The backstory is a straight last attempt at a heist of taxpayers money before the black voting block in SF becomes totally insignificant.
The black population of SF is now less than 5% of the city population and has been rapidly declining since reaching a peak of 13% in the 1970’s. Now less than 5%.
Of that 5% more than 1/3 live in public housing. Blacks have 50% of all public housing in SF despite only making up less than 15% of low income residents. Middle class blacks and those not on welfare moved out of the City long ago. To better schools and better housing.

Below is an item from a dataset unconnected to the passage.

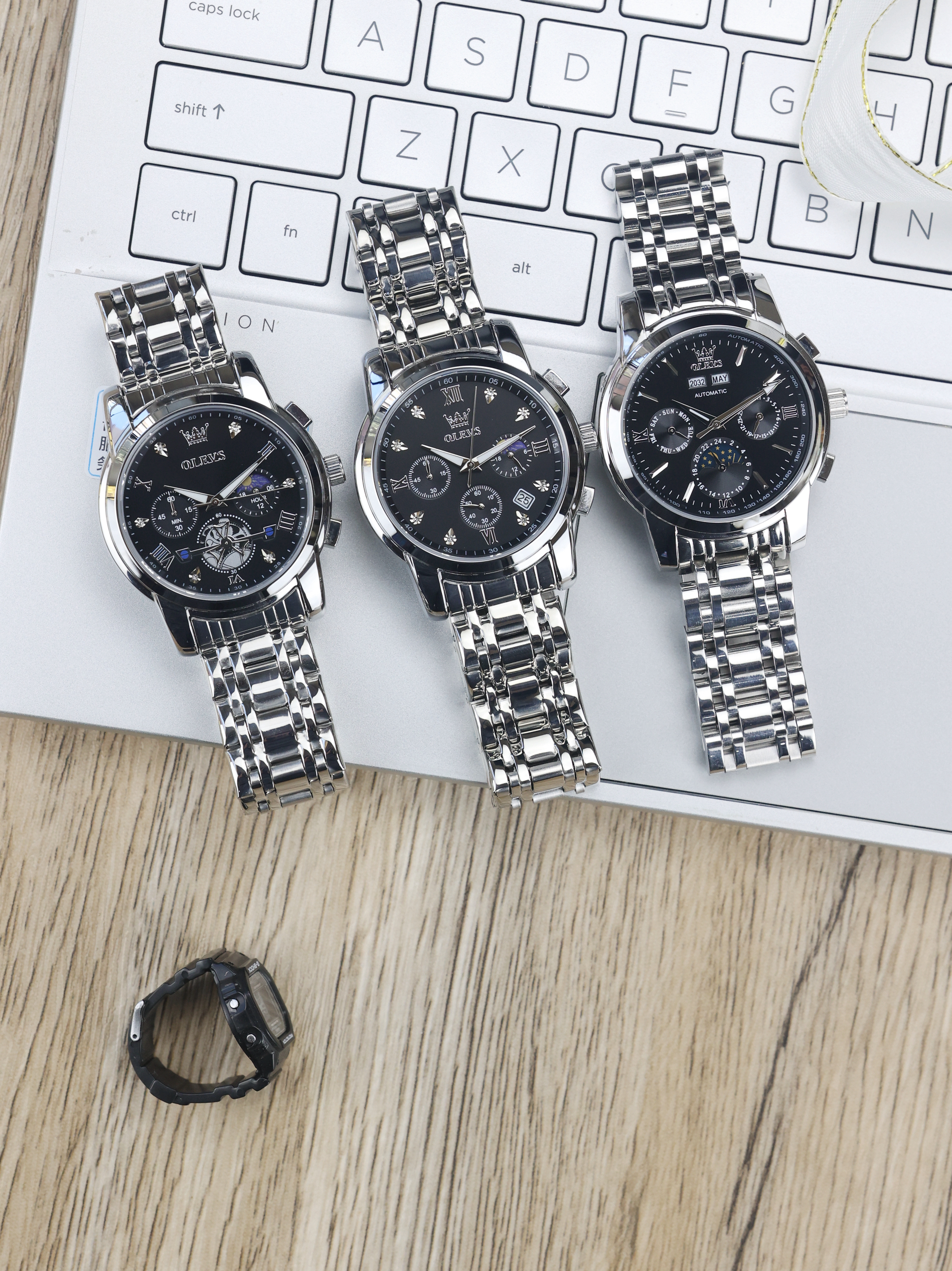 - 外观设计: 采用银+绿色撞色(表盘是复古墨绿色),搭配大数字刻度+夜光指针,表圈带计时刻度,整体是“复古运动风”,既适合日常通勤,也能搭配休闲装。 - 功能配置: - 50米防水(日常洗手、小雨可用,不建议游泳); - 石英机芯(每月误差±20秒内,电池续航约3年); - 矿物玻璃表镜(耐用防刮); - 日期显示功能(表盘右侧小窗)。 - 材质与尺寸: 表壳/表带是不锈...

Blacks are also greatly over represented in city jobs. The decline in the murder rate in SF has matched the decline in the city black population. At the moment 80%+ of all murders in SF are gang related and overwhelmingly black. So the same story as over in Oakland.
The “reparation” are straight fraud. The was a tiny black population in SF for the first 100 years. 1840 to 1940. Less than 1%. The vast majority of blacks now living in SF were born in SF (unlike the people who vote for Dean Preston etc) but their families all arrived in SF after 1940. Most in the 1950 and 1960’s. SF from the very beginning had large Chinese, Asian and Californios communities but the blacks arrived 100 years after everyone else. Apart from the Central American La Raza folk. Who started arriving in the 1970’s
If California blacks want “reparations” they should try the Southern states were their families originally came from. You know, The Democratic Party Slave State.
So as I said, its pure fraud. And the people pushing for it are the usual suspects. The race baiting grifters and outright fraudsters. Ripping off the taxpayers.